[Start of Attachment]
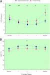 After 5 days of training, the main effect of training session was significant for SCR in the IBMT group in comparison with the relaxation group [F (1, 41) = 9.937; P < 0.01]. The group × session interaction was significant [F (1, 41) = 6.652; P < 0.01]. Further, in comparison with relaxation, SCR was significantly lower during practice periods 2 and 3 and after baseline (but not during period 1 and before baseline), indicating that the SCR was related to the amount of training (see Fig. 1A).
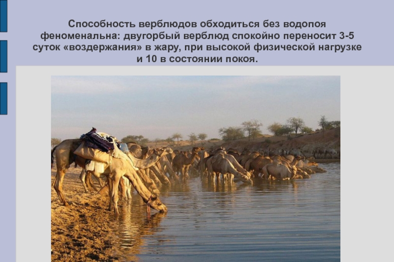 Слайд 5Способность верблюдов обходиться без водопоя феноменальна: двугорбый верблюд спокойно переносит 3-5
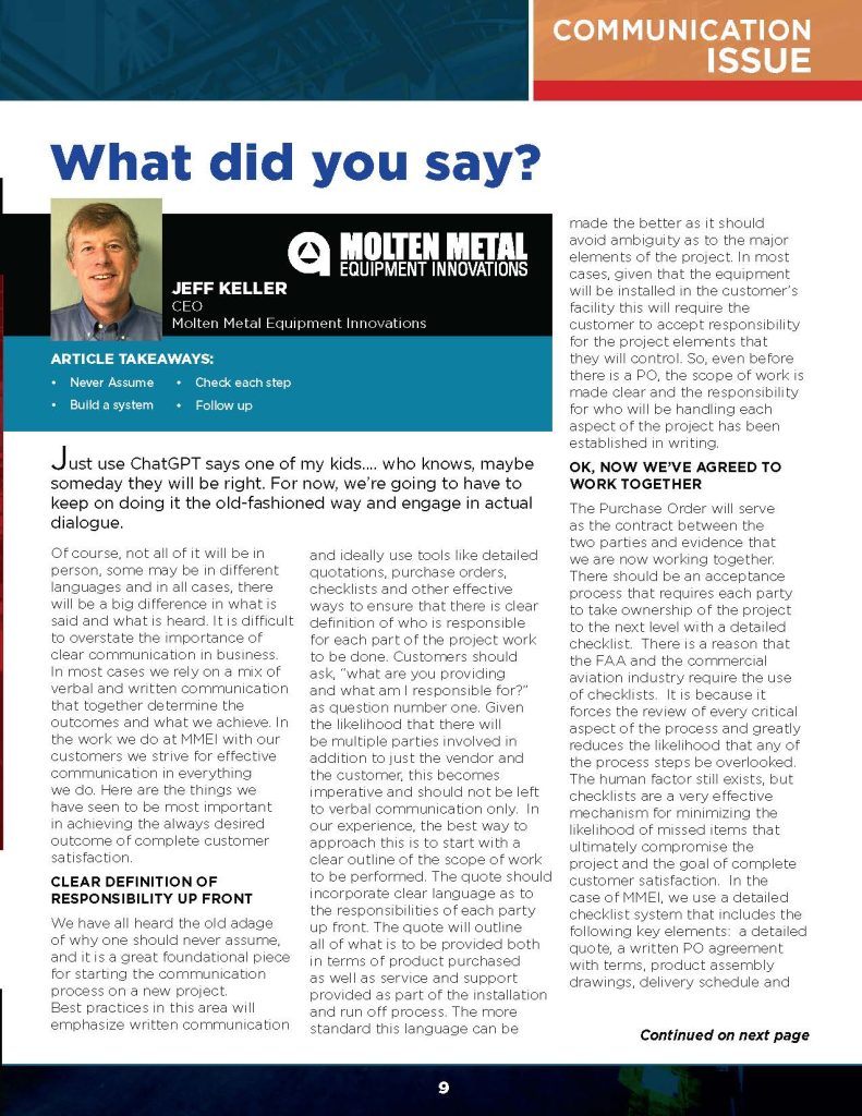 Just use ChatGPT says one of my kids…. who knows, maybe someday they will be right. For now, we’re going to have to keep on doing it the old-fashioned way and engage in actual dialogue. Of course, not all of it will be in person, some may be in different languages and in all cases, there will be a big difference in what is said and what is heard. It is difficult to overstate the importance of clear communication in business. In most cases we rely on a mix of verbal and written communication that together determine the outcomes and what we achieve. In the work we do at MMEI with our customers we strive for effective communication in everything we do. Here are the things we have seen to be most important in achieving the always desired outcome of complete customer satisfaction.
[End of Attachment]
■ Exercise brief
This task calls for the lines from the line containing "Слайд 5Способность верблюдов" through the end of the listing, set down exactly and only, with pictures omitted.

■ Task output
 Слайд 5Способность верблюдов обходиться без водопоя феноменальна: двугорбый верблюд спокойно переносит 3-5
 Just use ChatGPT says one of my kids…. who knows, maybe someday they will be right. For now, we’re going to have to keep on doing it the old-fashioned way and engage in actual dialogue. Of course, not all of it will be in person, some may be in different languages and in all cases, there will be a big difference in what is said and what is heard. It is difficult to overstate the importance of clear communication in business. In most cases we rely on a mix of verbal and written communication that together determine the outcomes and what we achieve. In the work we do at MMEI with our customers we strive for effective communication in everything we do. Here are the things we have seen to be most important in achieving the always desired outcome of complete customer satisfaction.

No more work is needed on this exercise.